Forgot to mention that it is one of the first routes on Freeform Wall as one approaches from the Campground. Should be obvious when you have found it due to the picturesque steep arete above the starting slab.
I just did this a couple of weeks ago to avoid the mob scene at Freeform. Better then 3 stars!!! I almost thought the start was the technical crux, the actual arete was just mind games and balance. Not as pumpy as I was expecting looking at it from the ground but lots of really blind- balancy-feely reaches. A MUST DO!!
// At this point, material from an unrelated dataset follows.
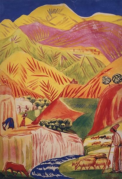 Albert Bloch created "The Garden of Asses II" using expressive brushstrokes and a palette of earthy tones. The composition is dense, featuring multiple figures of donkeys scattered within a landscape that is as much emotional terrain as it is physical space. Bloch employs a fractured, almost Cubist-like approach to form, breaking down the donkeys and the surrounding landscape into angular shapes. This fragmentation destabilizes the conventional representation, challenging our perceptions of space and perspective. The layering of colors and forms creates a sense of depth, yet the lack of clear spatial organization emphasizes the artwork's symbolic dimension. The title itself prompts a semiotic reading, inviting us to consider the donkey as a signifier. Here, the repetitive presence of donkeys may challenge fixed meanings, encouraging us to question conventional associations. "The Garden of Asses II" functions as a site of ongoing interpretation, reflecting broader philosophical concerns.

By Guy Humphrey From: Fort Collins CO Mar 17, 2003
I have to agree with Dave about the technical crux. It is probably in the first 20 feet of the climb. There are good rests after every hard section, so give this climb a try if it is near your leading limit. Don't pull on the loose stuff with chalk on it under the roof. None of these holds are needed for the climb.
Excellent route - great position and fun climbing up a beautiful overhanging arete.
By Bob Rotert From: Broomfield, Co Nov 10, 2008 rating: 5.11b
One of my favorite routes at Shelf. One that has a lot of character & very unique compared to most routes at Shelf. Love the position & balancy climbing up the arete. Only thing that would make it better is if you had to do the roof to get to the arete instead of being able to traverse above the roof onto the arete. I agree the first unprotected moves to the first bolt and past it are probably the technical crux.
By Noah G From: Alma, Co Sep 28, 2009 rating: 5.11c
Classic. Good photo ops on this one. Sweet position.